See Options at a glance and Field reference above.

CDC input fields for gold jobs¶

scd2 (required): __key, __timestamp, __operation ('upsert'|'delete'|'reload').
scd1 (required): __key; optional __timestamp/__operation ('upsert'|'delete'|'reload') for delete/rectify handling. If __operation is omitted for SCD in mode: update, Fabricks injects 'reload' and enables rectification.
Optional helpers: __order_duplicate_by_asc / __order_duplicate_by_desc, __identity.
See: Change Data Capture (CDC) for full details and examples.

Gold jobs¶

SCD1/SCD2 with modes and options:

- job:
    step: gold
    topic: scd1
    item: update
    options:
      change_data_capture: scd1
      mode: update
- job:
    step: gold
    topic: scd1
    item: last_timestamp
    options:
      change_data_capture: scd1
      mode: update
      persist_last_timestamp: true
- job:
    step: gold
    topic: scd2
    item: correct_valid_from
    options:
      change_data_capture: scd2
      mode: memory
      correct_valid_from: false

Example SCD2 SQL using __key, __timestamp, __operation:

Note: Credit — Temporal Snapshot Fact Table (SQLBits 2012).
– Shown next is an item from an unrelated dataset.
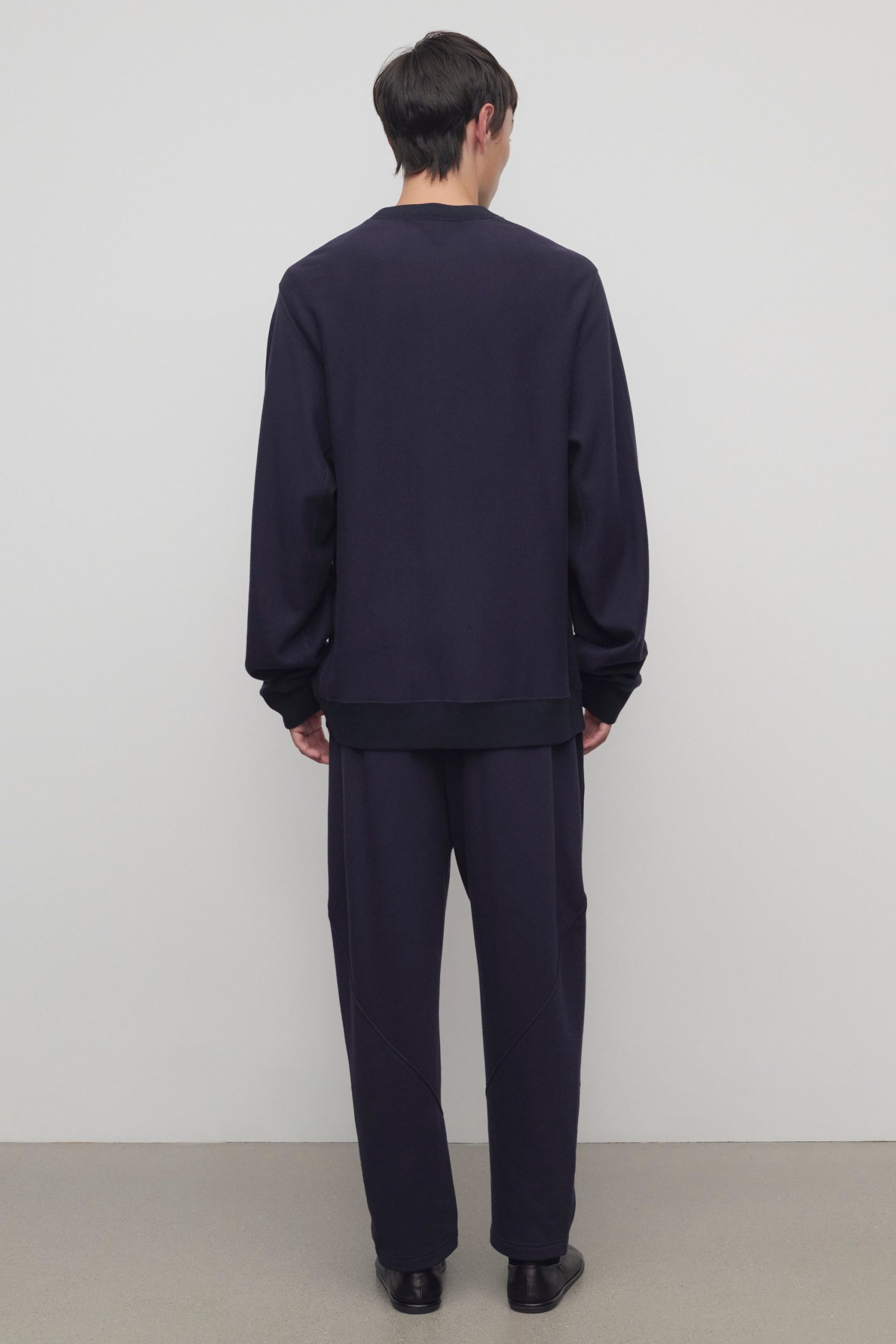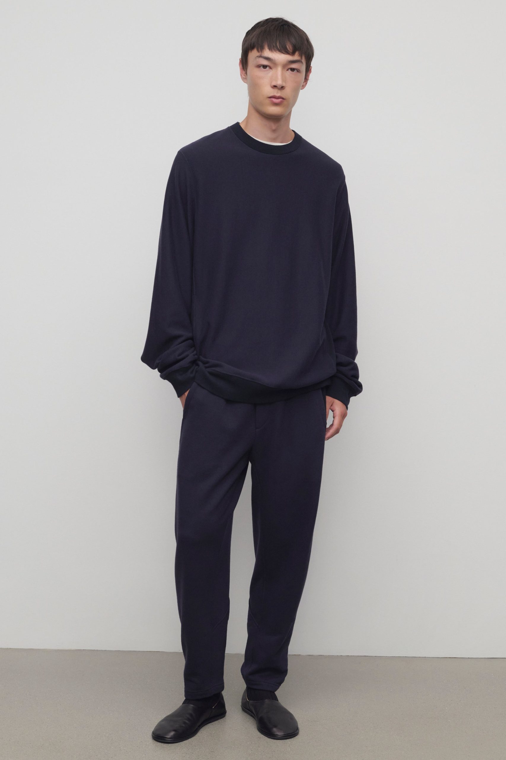 Relaxed pull-on pant in cotton and cashmere French terry with tapered hem. side seam pockets. and topstitched elastic waistband.
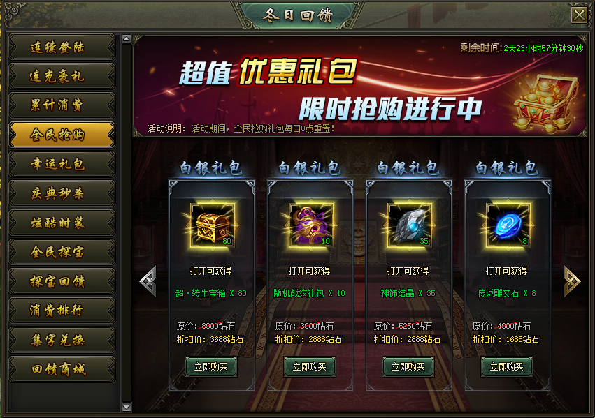 活动说明:活动期间,购买礼包获得抽奖次数,购买礼包次数和抽奖次数每日0点重置。

Recommended to watch to understand SCD2 modeling in Gold.

Slides: Temporal Snapshot Fact Tables (slides)

with dates as (
  select id as id, __valid_from as __timestamp, 'upsert' as __operation from silver.monarch_scd2 where __valid_from > '1900-01-02'
  union
  select id as id, __valid_to as __timestamp, 'delete' as __operation from silver.monarch_scd2 where __is_deleted
)
select
  d.id as __key,
  s.id as id,
  s.name as monarch,
  s.doubleField as value,
  d.__operation,
  if(d.__operation = 'delete', d.__timestamp + interval 1 second, d.__timestamp) as __timestamp
from dates d
left join silver.monarch_scd2 s on d.id = s.id and d.__timestamp between s.__valid_from and s.__valid_to

When to model SCD2 in Gold (different grain)¶

Use SCD2 in Gold when the base SCD2 tables do not align with the required consumption grain, and you need to derive a slowly changing history at a coarser/different grain (e.g., roll up line-item SCD2 to order-level SCD2, or derive a customer segment SCD2 from underlying attribute histories).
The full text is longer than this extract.